Extracted entries >>
= Beginning of Section =

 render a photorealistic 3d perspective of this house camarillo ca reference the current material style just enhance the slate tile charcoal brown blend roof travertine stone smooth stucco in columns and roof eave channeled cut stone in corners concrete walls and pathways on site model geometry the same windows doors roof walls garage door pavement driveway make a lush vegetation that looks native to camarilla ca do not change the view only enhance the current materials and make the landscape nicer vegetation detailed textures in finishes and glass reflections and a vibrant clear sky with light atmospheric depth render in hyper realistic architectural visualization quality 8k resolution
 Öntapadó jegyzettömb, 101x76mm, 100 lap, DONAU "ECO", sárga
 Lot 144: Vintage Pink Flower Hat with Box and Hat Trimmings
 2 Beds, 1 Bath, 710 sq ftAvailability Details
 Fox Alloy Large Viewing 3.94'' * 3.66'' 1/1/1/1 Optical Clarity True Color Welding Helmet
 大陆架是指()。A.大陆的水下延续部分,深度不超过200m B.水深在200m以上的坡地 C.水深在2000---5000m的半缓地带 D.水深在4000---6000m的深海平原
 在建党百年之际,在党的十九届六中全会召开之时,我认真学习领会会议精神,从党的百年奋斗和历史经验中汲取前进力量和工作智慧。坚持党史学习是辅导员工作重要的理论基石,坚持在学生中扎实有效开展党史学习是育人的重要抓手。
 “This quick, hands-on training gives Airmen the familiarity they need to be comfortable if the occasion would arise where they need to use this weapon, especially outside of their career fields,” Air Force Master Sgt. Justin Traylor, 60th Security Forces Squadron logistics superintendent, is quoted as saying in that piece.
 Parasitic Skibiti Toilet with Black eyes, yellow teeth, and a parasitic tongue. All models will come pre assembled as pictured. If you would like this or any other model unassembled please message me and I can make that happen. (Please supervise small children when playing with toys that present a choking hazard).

= End of Section =

Activity >> Keep both end lines and retype everything in the records above from the line containing "Lot 144: Vintage" through the line containing "在建党百年之际,在党的十九届", exactly, with nothing else.

Answer to this task >>
 Lot 144: Vintage Pink Flower Hat with Box and Hat Trimmings
 2 Beds, 1 Bath, 710 sq ftAvailability Details
 Fox Alloy Large Viewing 3.94'' * 3.66'' 1/1/1/1 Optical Clarity True Color Welding Helmet
 大陆架是指()。A.大陆的水下延续部分,深度不超过200m B.水深在200m以上的坡地 C.水深在2000---5000m的半缓地带 D.水深在4000---6000m的深海平原
 在建党百年之际,在党的十九届六中全会召开之时,我认真学习领会会议精神,从党的百年奋斗和历史经验中汲取前进力量和工作智慧。坚持党史学习是辅导员工作重要的理论基石,坚持在学生中扎实有效开展党史学习是育人的重要抓手。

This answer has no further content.